Exactly as they appear below, repeat the lines from the one with "벚꽃나무가 우거진 산책로가" through the one with "Tickets are still". Drop every picture.
-- DATA follows --
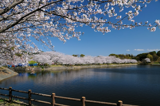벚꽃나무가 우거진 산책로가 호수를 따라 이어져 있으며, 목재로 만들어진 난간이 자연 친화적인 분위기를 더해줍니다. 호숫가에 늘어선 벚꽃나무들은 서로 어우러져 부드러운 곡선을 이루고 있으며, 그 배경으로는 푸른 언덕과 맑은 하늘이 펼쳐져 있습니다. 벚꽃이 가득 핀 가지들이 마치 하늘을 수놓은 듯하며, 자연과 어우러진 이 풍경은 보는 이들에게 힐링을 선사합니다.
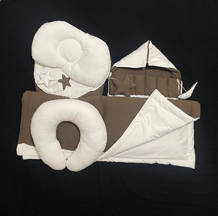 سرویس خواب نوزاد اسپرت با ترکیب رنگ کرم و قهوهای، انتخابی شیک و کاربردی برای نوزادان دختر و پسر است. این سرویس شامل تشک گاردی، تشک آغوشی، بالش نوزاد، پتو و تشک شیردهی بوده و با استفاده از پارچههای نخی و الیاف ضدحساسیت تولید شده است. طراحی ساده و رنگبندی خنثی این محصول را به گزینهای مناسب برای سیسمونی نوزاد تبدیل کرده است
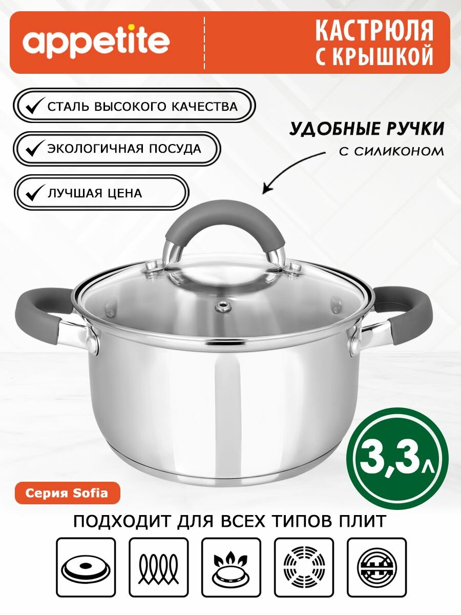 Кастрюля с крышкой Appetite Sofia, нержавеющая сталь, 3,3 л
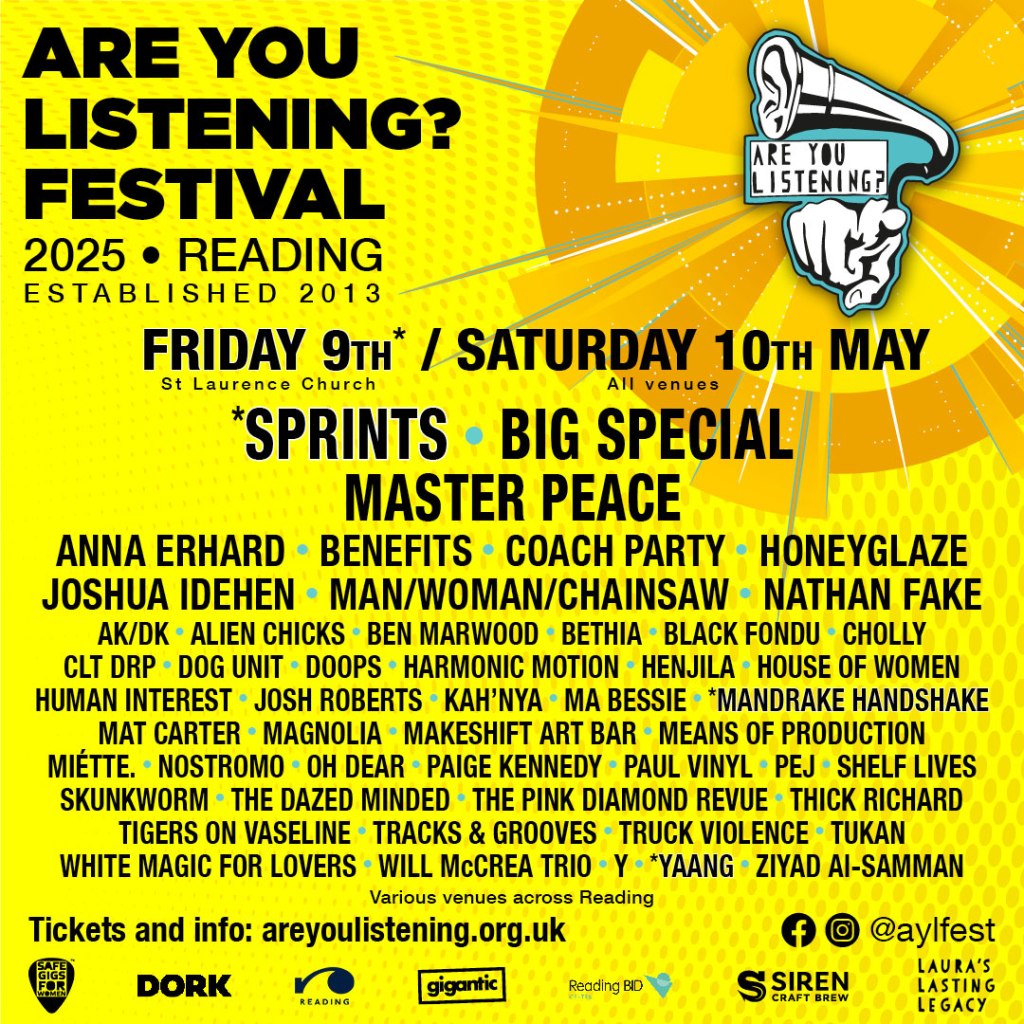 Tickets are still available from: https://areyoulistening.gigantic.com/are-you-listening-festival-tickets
-- DATA concluded --
-- DATA follows --
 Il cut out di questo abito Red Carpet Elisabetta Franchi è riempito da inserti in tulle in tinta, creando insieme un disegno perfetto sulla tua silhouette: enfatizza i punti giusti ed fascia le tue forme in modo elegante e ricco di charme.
-- DATA concluded --
-- DATA follows --
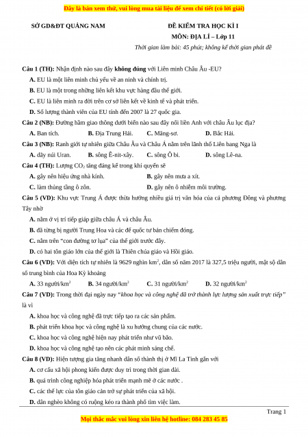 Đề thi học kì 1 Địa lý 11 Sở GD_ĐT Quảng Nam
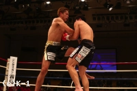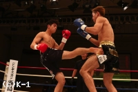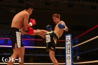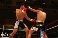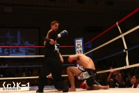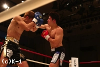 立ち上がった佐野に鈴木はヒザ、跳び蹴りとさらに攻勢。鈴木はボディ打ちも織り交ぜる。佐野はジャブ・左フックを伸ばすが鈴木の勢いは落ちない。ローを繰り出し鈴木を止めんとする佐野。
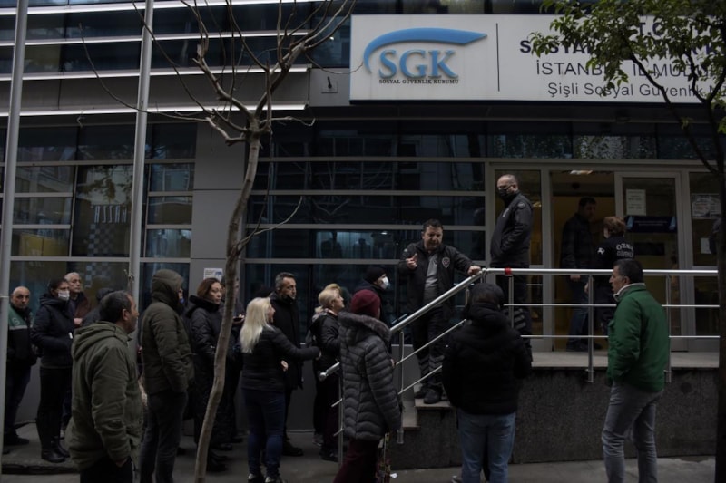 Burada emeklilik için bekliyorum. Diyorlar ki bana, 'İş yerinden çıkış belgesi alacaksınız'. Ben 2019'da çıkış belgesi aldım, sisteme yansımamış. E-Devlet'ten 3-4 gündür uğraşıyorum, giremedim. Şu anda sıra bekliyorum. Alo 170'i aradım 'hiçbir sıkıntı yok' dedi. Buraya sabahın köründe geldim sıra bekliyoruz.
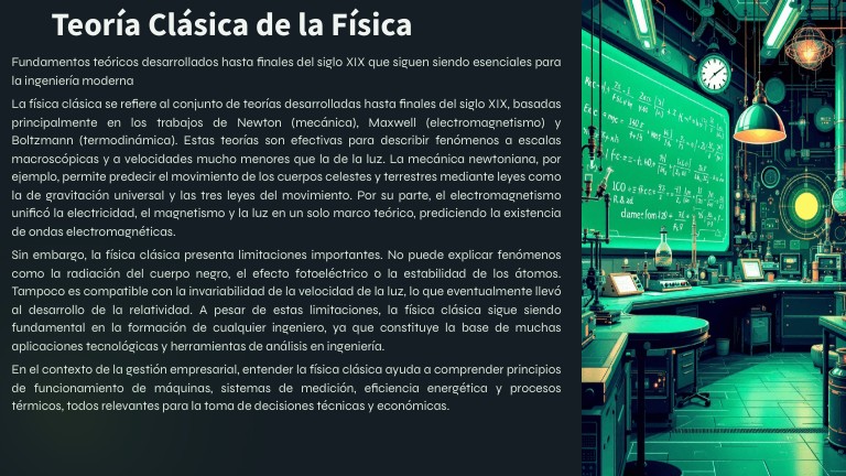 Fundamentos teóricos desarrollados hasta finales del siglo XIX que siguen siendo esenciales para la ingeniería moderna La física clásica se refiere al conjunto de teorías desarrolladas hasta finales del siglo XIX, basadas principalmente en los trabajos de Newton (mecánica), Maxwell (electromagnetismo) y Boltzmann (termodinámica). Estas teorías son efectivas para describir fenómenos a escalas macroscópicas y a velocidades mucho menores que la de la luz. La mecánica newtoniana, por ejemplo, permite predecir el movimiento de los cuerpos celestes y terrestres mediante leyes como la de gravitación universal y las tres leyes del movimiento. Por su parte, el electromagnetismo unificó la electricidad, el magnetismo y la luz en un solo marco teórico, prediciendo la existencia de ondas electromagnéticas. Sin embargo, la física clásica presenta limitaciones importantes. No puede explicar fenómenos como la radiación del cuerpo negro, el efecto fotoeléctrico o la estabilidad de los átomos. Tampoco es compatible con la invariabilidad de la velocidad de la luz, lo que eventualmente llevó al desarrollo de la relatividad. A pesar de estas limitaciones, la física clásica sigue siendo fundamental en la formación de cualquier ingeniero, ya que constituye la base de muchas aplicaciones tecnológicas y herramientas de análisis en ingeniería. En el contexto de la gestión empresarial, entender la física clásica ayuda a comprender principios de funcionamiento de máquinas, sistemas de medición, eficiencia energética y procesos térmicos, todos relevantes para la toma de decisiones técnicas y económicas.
-- DATA concluded --
## FINAL ANSWER
벚꽃나무가 우거진 산책로가 호수를 따라 이어져 있으며, 목재로 만들어진 난간이 자연 친화적인 분위기를 더해줍니다. 호숫가에 늘어선 벚꽃나무들은 서로 어우러져 부드러운 곡선을 이루고 있으며, 그 배경으로는 푸른 언덕과 맑은 하늘이 펼쳐져 있습니다. 벚꽃이 가득 핀 가지들이 마치 하늘을 수놓은 듯하며, 자연과 어우러진 이 풍경은 보는 이들에게 힐링을 선사합니다.
 سرویس خواب نوزاد اسپرت با ترکیب رنگ کرم و قهوهای، انتخابی شیک و کاربردی برای نوزادان دختر و پسر است. این سرویس شامل تشک گاردی، تشک آغوشی، بالش نوزاد، پتو و تشک شیردهی بوده و با استفاده از پارچههای نخی و الیاف ضدحساسیت تولید شده است. طراحی ساده و رنگبندی خنثی این محصول را به گزینهای مناسب برای سیسمونی نوزاد تبدیل کرده است
 Кастрюля с крышкой Appetite Sofia, нержавеющая сталь, 3,3 л
 Tickets are still available from: https://areyoulistening.gigantic.com/are-you-listening-festival-tickets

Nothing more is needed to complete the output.